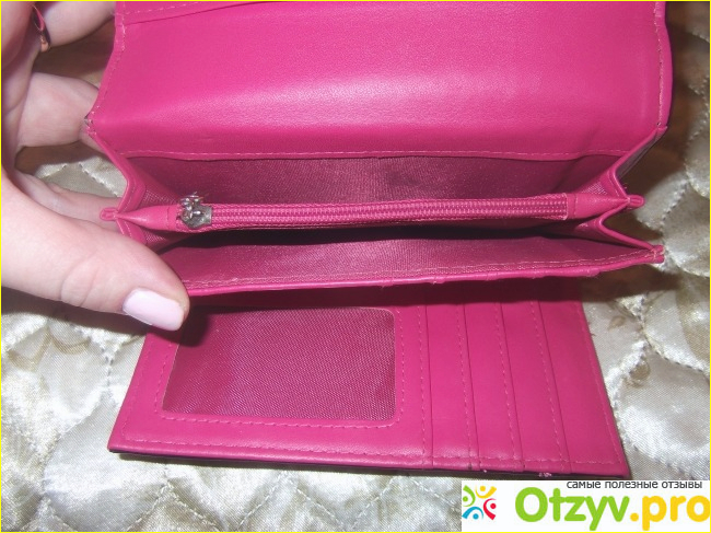 Изнутри кошелек очень прочный и имеет ярко розовый дизайн, что очень радует взгляд.
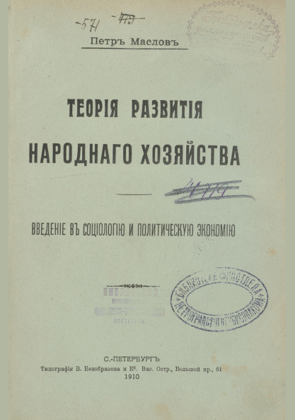 Маслов, П. Теория развития народного хозяйства : введение в социологию и политическую экономию / П. Маслов. — Санкт-Петербург : Типография В. Безобразова и Ко, 1910. — 379 с.. — . Напечатано по старой орфографии.
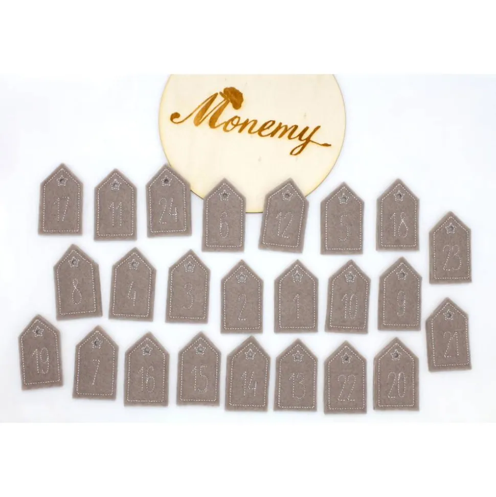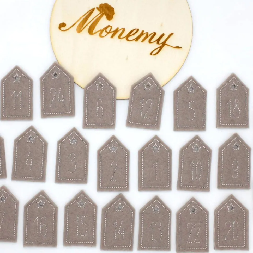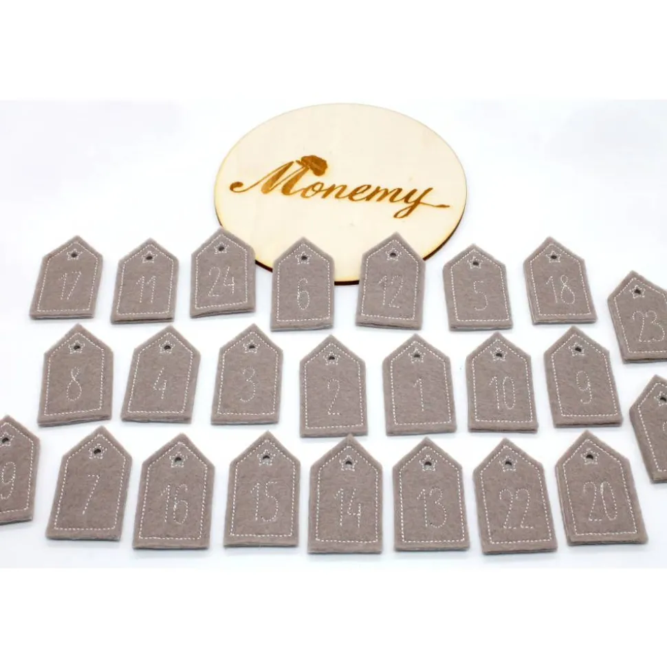 Der Filz ist taupe grau und die Stickfarbe ist hier weiß.
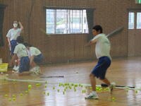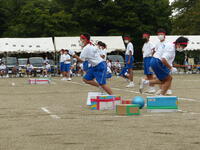 それから玉入れ。高得点のピンポン玉、フリスビーをかごを目がけて投げました。
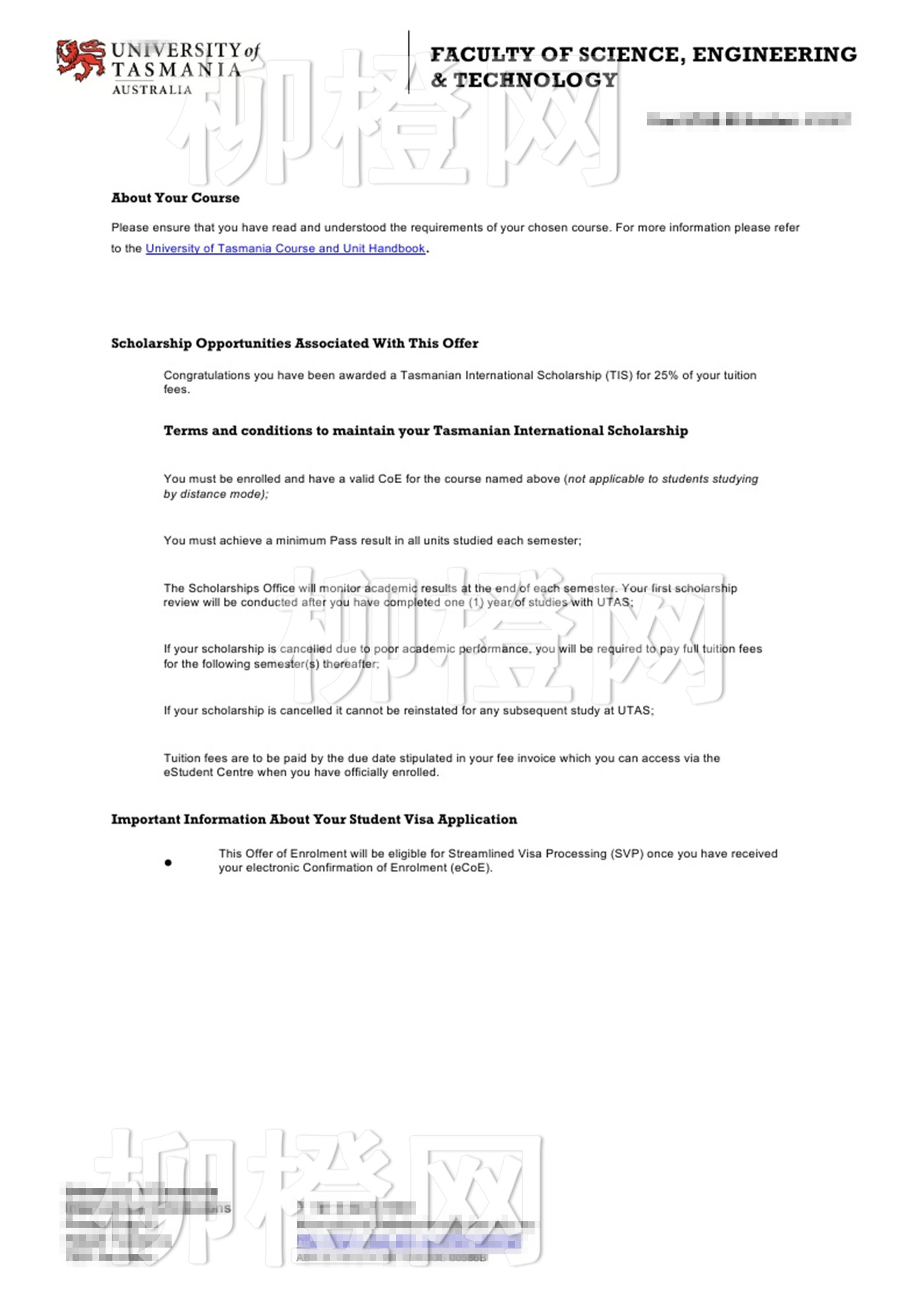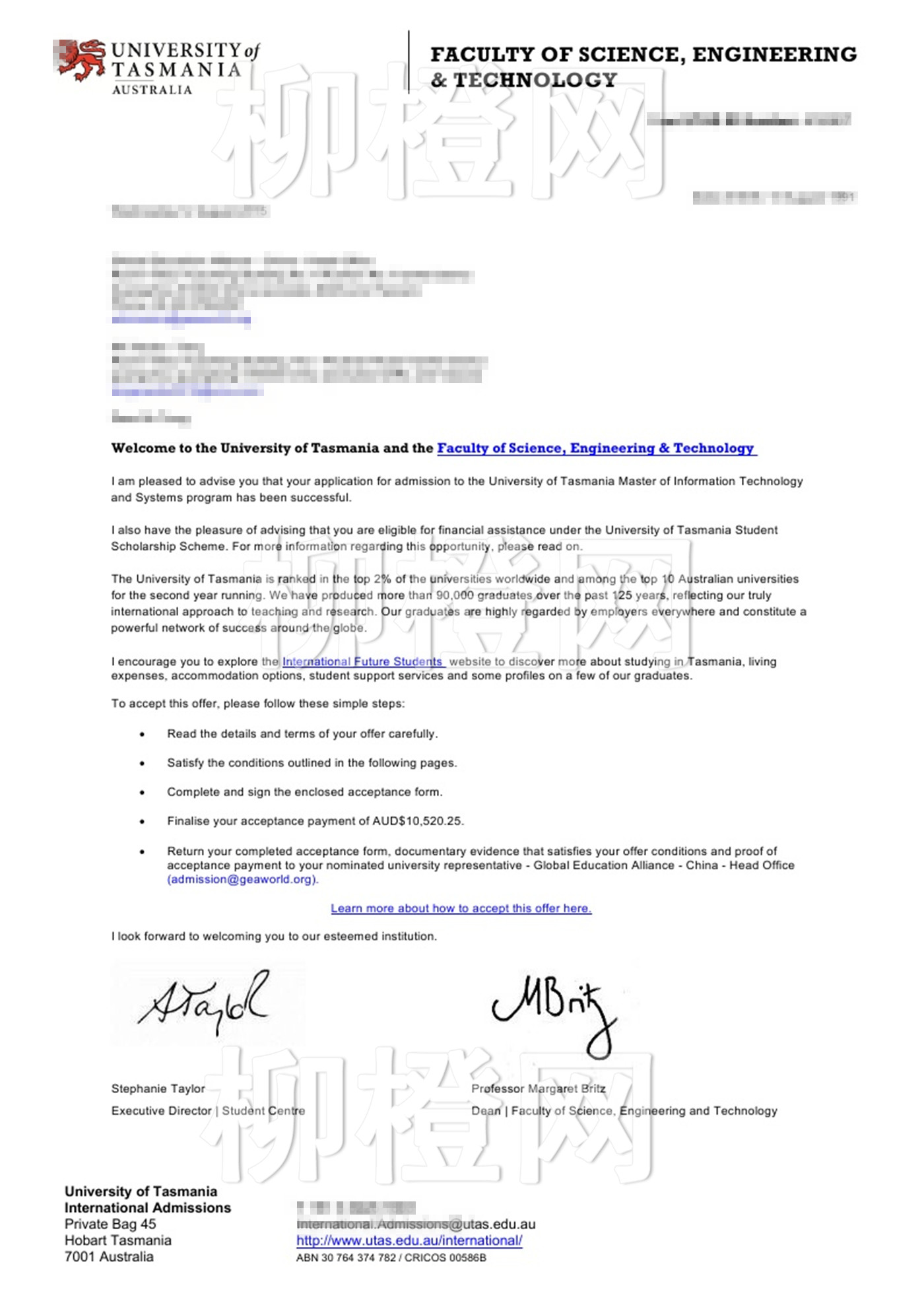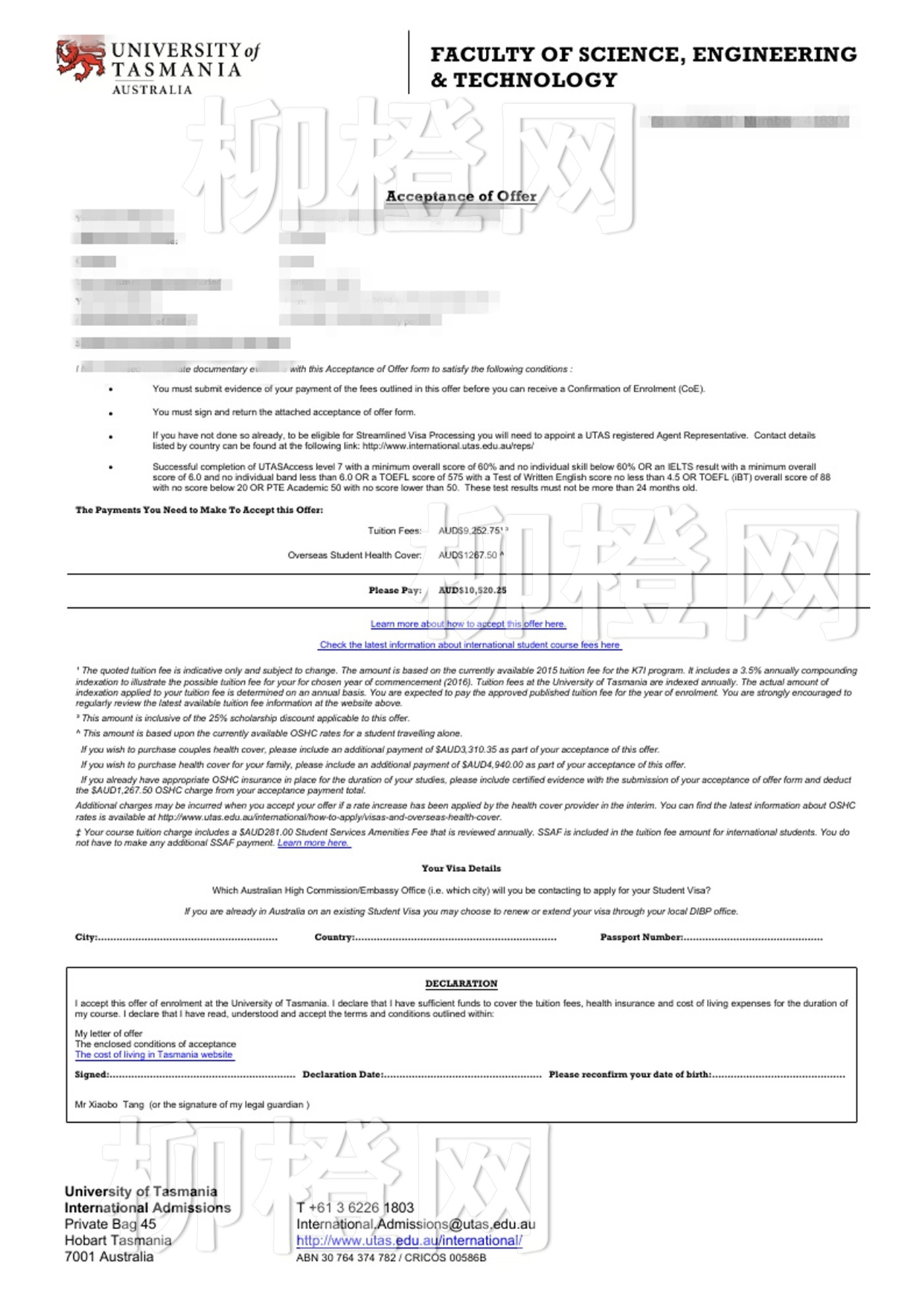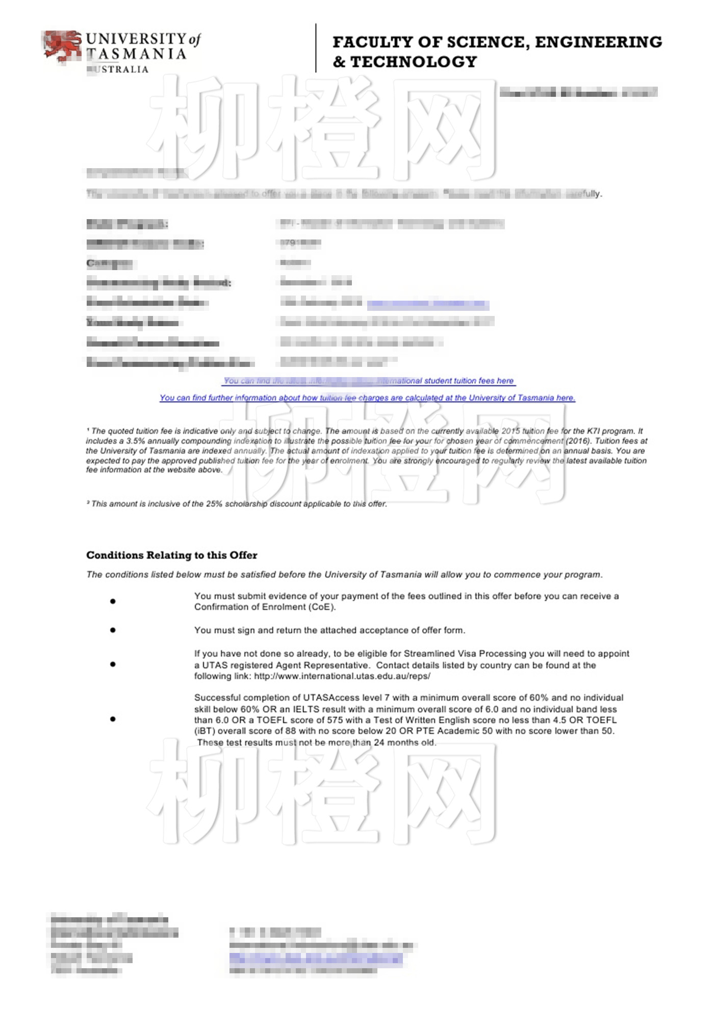 学生211背景,均分83,在柳橙网老师的专业指导下成功跨专业申请到了塔斯马尼亚大学的软件工程专业
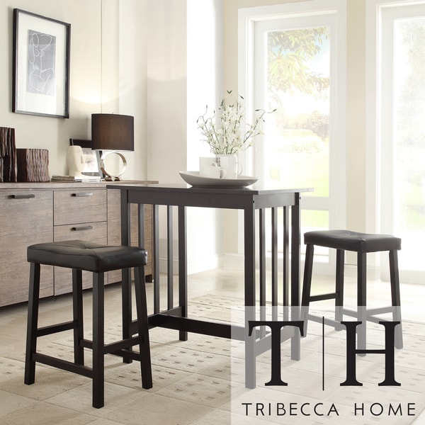 TRIBECCA HOME Nova Black 3-piece Kitchen Counter Height Dining Set This Nova counter height dining set is the perfect solution for a dining or work space. The three piece set is features black upholstered seats. Nova table and chairs set offers simplicity and versatility to enhance your dining areaDining set makes a fun addition to your smaller dining spaceThree-piece counter height furniture set features a sturdy table and two upholstered saddle-back stoolsDining set is constructed with solid wood with wood veneer and vinyl upholstered cushionSaddleseat stool designTable is excellent for work or diningPlush, upholstered saddle-back stoolsTable measures 32 inches wide x 24 inches long x 34 inches highEach chair measures 19 inches wide x 13 inches long x 24 inches highUpholstery color: BlackAssembly Required.

Exercise
Any pictures are to be skipped, and the lines from the beginning of the entries through the line with "学生211背景,均分83,在" copied exactly.

The completed task
 Изнутри кошелек очень прочный и имеет ярко розовый дизайн, что очень радует взгляд.
 Маслов, П. Теория развития народного хозяйства : введение в социологию и политическую экономию / П. Маслов. — Санкт-Петербург : Типография В. Безобразова и Ко, 1910. — 379 с.. — . Напечатано по старой орфографии.
 Der Filz ist taupe grau und die Stickfarbe ist hier weiß.
 それから玉入れ。高得点のピンポン玉、フリスビーをかごを目がけて投げました。
 学生211背景,均分83,在柳橙网老师的专业指导下成功跨专业申请到了塔斯马尼亚大学的软件工程专业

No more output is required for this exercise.